How the other works: The "problem solving" ChatGPT is a search engine that relies on fact that people have been doing all the leg-work, on sites like Reddit, where people pose questions, others answer, and the answers are graded, given "points" by users. This and other "answer" sites already have compiled databases of rated answers to programming questions and such, which ChatGPT can skim and regurgitate.

So this incarnation of the A.I., is a search engine/scraper, harvesting all these answers and re-issuing them as its "intelligent responses."

How we know for certain that this crock is a crock? Easy giveaways: Things like misspellings in its responses, like an instance where, "too," was spelled "to" of all things. That's all you need to know. An A.I. obviously couldn't make that mistake, it simply regurgitated a misspelled human response to the question from somewhere else.

Also, it can't always provide answers, and then comes up blank. Nothing in the database, it can't function.

In another fiasco, it "played chess," against top bot, Stockfish, and didn't know how to move its pieces correctly, moving its pawn like a queen, taking its own pieces, castling through pieces, ignoring being checkmated, etc. Sure, you want this "super-intelligence" to write your computer programs when it can't even learn or conform to the rules of chess.

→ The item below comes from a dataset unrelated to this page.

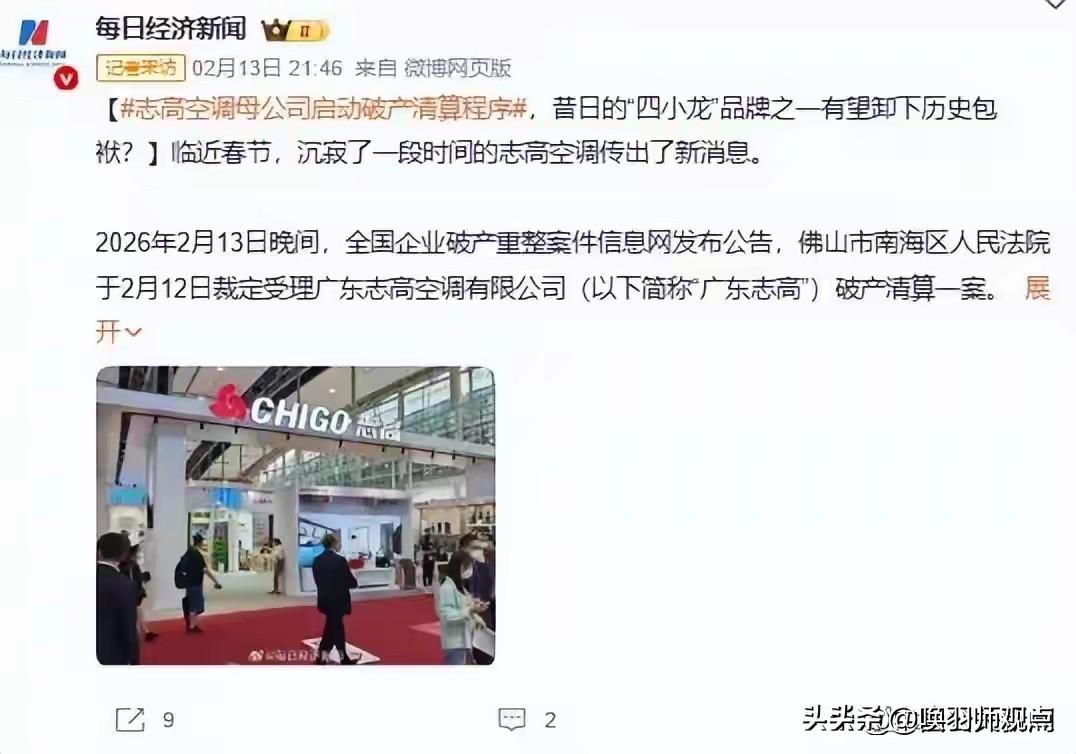 32亿旧债压垮老牌巨头,志高破产背后的“金蝉脱壳” 2026年2月,佛山法院裁定志高空调破产清算,这个曾与格力并肩的“空调大王”背负32亿巨债倒下。但真相是,这并非品牌消亡,而是一场 “精准排毒” 。早在2021年,志高已将核心业务剥离至“志高格物”,旧壳还债,新体求生。 衰败根源有三: 一是盲目多元化,抽血主业;二是研发躺平,产品质量口碑崩塌;三是渠道误判,错失电商红利。截至2025年,其国内份额已不足0.2%。 民生视角看: 虽然老主体倒下,但新主体在海外找到出路,2025年外销增长超50%,保住了生产线和工人饭碗。 唤羽师小结: 志高的悲剧在于用过去的经验应对未来的竞争。它警示我们:没有技术的低价是短跑,没有创新的品牌是危楼。 旧壳已死,新路漫漫,这才是中国制造转型的真实阵痛。许昌志高空调 蓝山志高空调 志高吊扇 志高电视机 许昌志高 志高锂电 志高文体 荔波志高空调 志高冰箱维修 志高灯饰 志高壁扇 志高文具 志高电动机 志高制氧机 志高移动冷空调

Now for the vitally important piece of the puzzle. What about all these goons saying it wrote a computer program for them, or a sonnet, or cured their ailments? In cases of very specific things like that, they're doing what all hyping shills do: they lie. Some human manually programs some software code, or tweaks a sonnet, claims it's "A.I." then the legions of these shills — the "grassroots marketers," particularly certain YouTubers that suddenly appear — publicize it. (Or there are of course those who simply post lies about how ChatGPT wrote a program for them.) No magic.

This trick is a replay of something we've seen before, years ago, a little ruse pulled by a consulting company. It couldn't complete its networked accounting software in time, but it was contracted to a fixed delivery date, with big penalties if they buggered up. So they just hired a legion of data-input clerks to post and process data behind the scenes. The client would enter data, see a calculated result spit back up on the screen, and it looked like everything was dandy. One person entered an obvious error, that the hidden worker caught and corrected on the spot, and the client marveled. "Look at that, it even corrects typos!" "Oh, yes," said the consultant. "The system can be quite intelligent. But we don't guarantee it will catch all user errors!"

The always-amusing hucksters are out in full force for this ChatGPT operation. One stooge writes Coding Won’t Exist In 5 Years. This Is Why in the JavaScript in Plain English site, but provides no evidence to back it up. Well into the article, we see the actual intent in writing this screed: a puff-piece to promote ChatGPT, where he tries to support his thesis, with no technical explanation, and without a single example!